A study from Vancity Credit Union released earlier this week predicted a mass migration of young people out of Metro Vancouver, because wages are not keeping up with the high prices of housing.
"It's obviously a huge concern," Robertson told the Early Edition's Rick Cluff. "We've seen this wave coming, it's been pretty obvious for a number of years."
Robertson said the city has been focusing on building rental housing, as it is the most affordable city hall can deliver.
But, he said, the federal government hasn't done enough to help major cities like Vancouver that are experiencing a housing crisis.
"We do not have enough support from the federal government to bring the cost of housing down in our cities.

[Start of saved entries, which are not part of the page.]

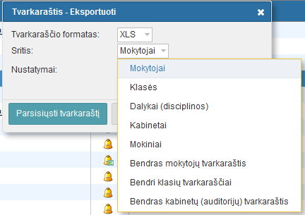 Prieš eksportuojant tvarkaraštį įsitikinkite, kad norimas tvarkaraštis yra įkeltas į "Tvarkaraščių Internete" svetainę.
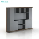 The cabinet's dignified grey body, paired with the rich, deep walnut hues, creates an understated yet opulent aesthetic. This sophisticated color combination exudes a serene elegance, making it a statement piece that complements any high-end decor. The cabinet's design not only offers functionality but also serves as a testament to refined taste.
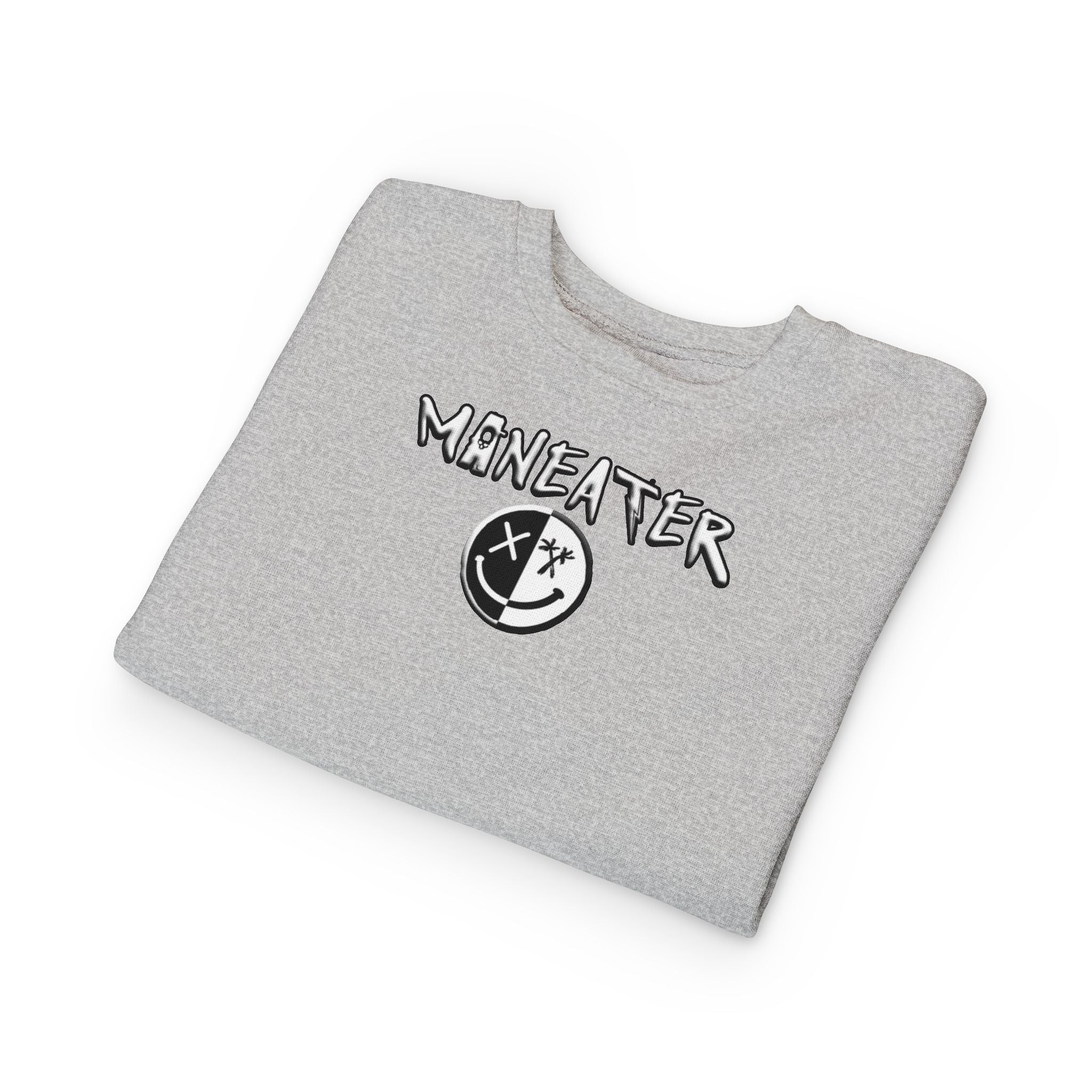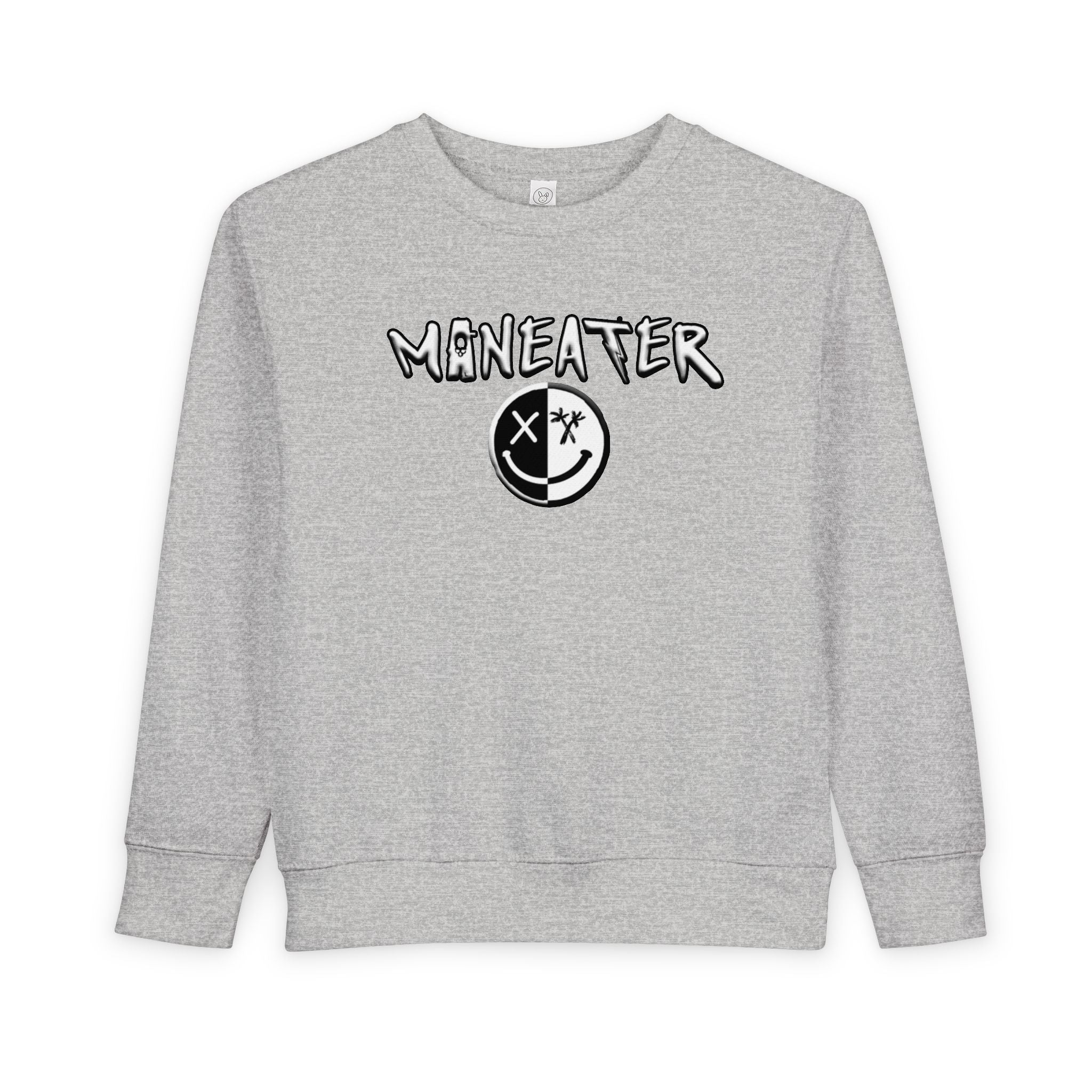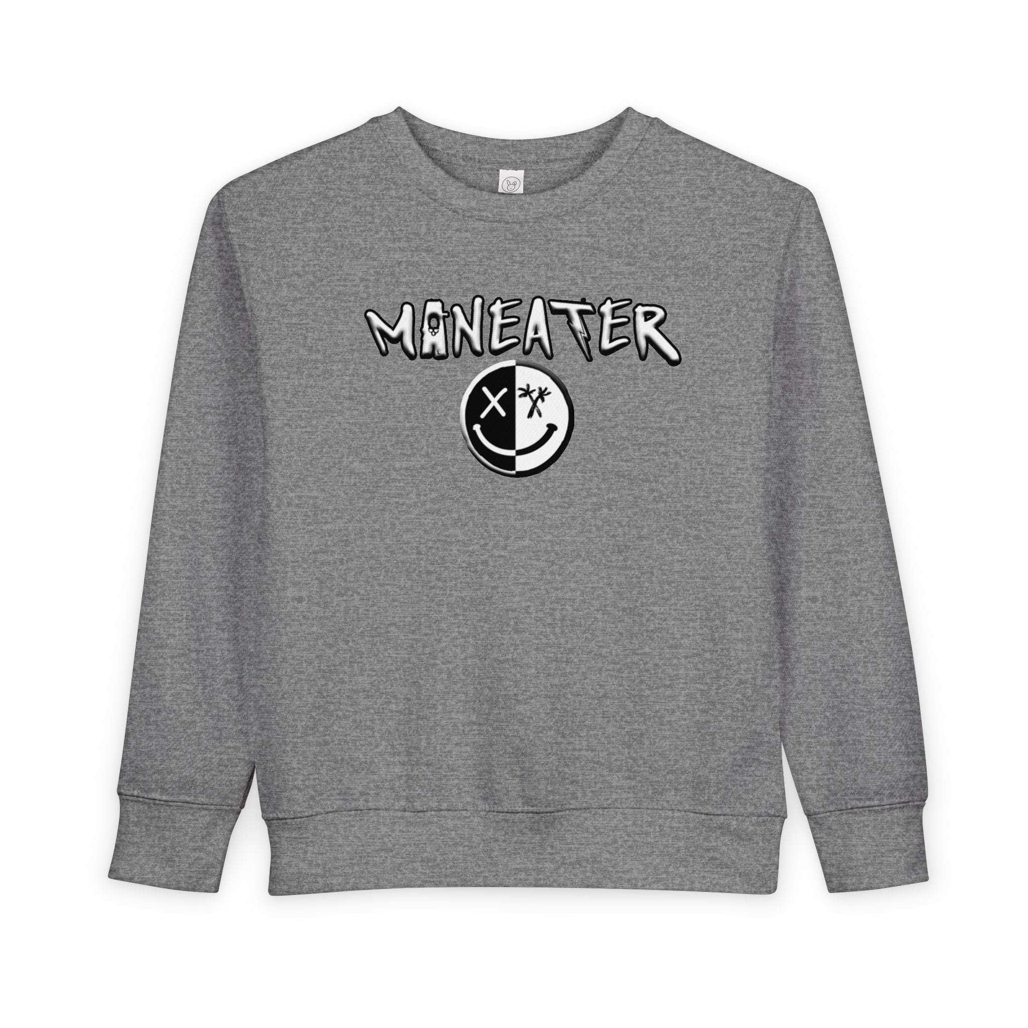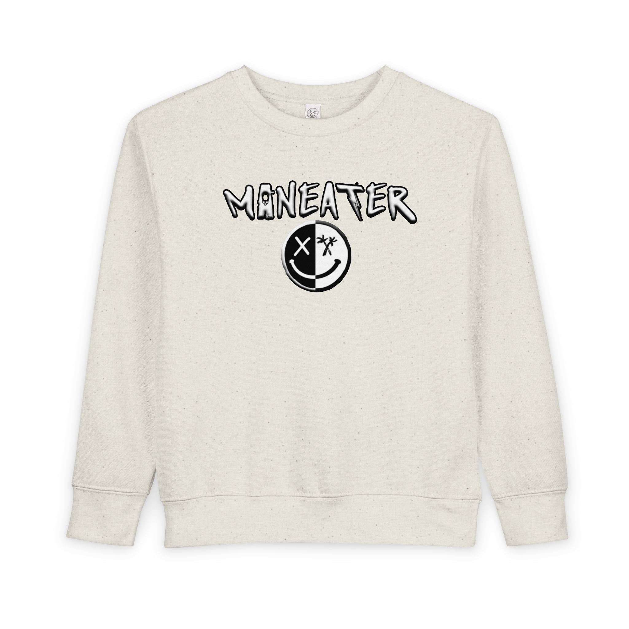 A cozy toddler sweatshirt that brings playful edge to little wardrobes. Soft, medium-weight fleece holds a hand-drawn, slightly grunge smiley logo in muted black and gray, giving it a cool, lived-in look without being harsh. The crewneck falls clean and simple, with ribbed cuffs and waistband that keep tiny sleeves in place during play. Natural heather tones and speckled fabric textures make every piece look gently worn from day one — easy to layer over tees or under a jacket for chilly mornings at the playground or casual family outings. Built for comfort, it moves with squirmy bodies and stays gentle against sensitive skin thanks to a tear-away label and a soft cotton-blend feel.
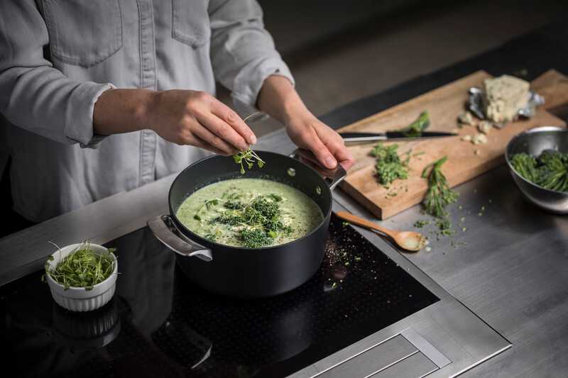 Посуда премиум-класса Rotisser изготовлена из легкого алюминия, который очень хорошо распределяет тепло, благодаря чему пища нагревается равномерно по всей поверхности. Исключительная поверхность Hardtec Superior облегчает приготовление пищи и уход. Дно посуды оптимизировано для нагрева на 50% быстрее, что позволяет экономить до 30% энергии.

Housing is very expensive across Canada because the federal government has basically abandoned the field."
Robertson said he wants the housing crunch to be a major federal election issue.
"You look at a huge supply of our affordable housing right now and it came from programs to build rental housing across Canada.
"Those programs faded away decades ago and that means we have nowhere near enough rental housing being built across the country."
Mayor's message to millennials
The Vancity credit union report indicates a family household income needs to be $123,000 in order to maintain an average mortgage in Metro Vancouver.
But the inconsistent salary to housing cost ratio has led waves of young people to leave the city over the last few years, says the report. 770 are projected to have left in 2012 with that number increasing to 1,571 in 2013.
Robertson says that's unacceptable.
"I don't think we can be letting that happen — we have to do everything we can to prevent it. We thrive as a diverse city where people can live close to where they work."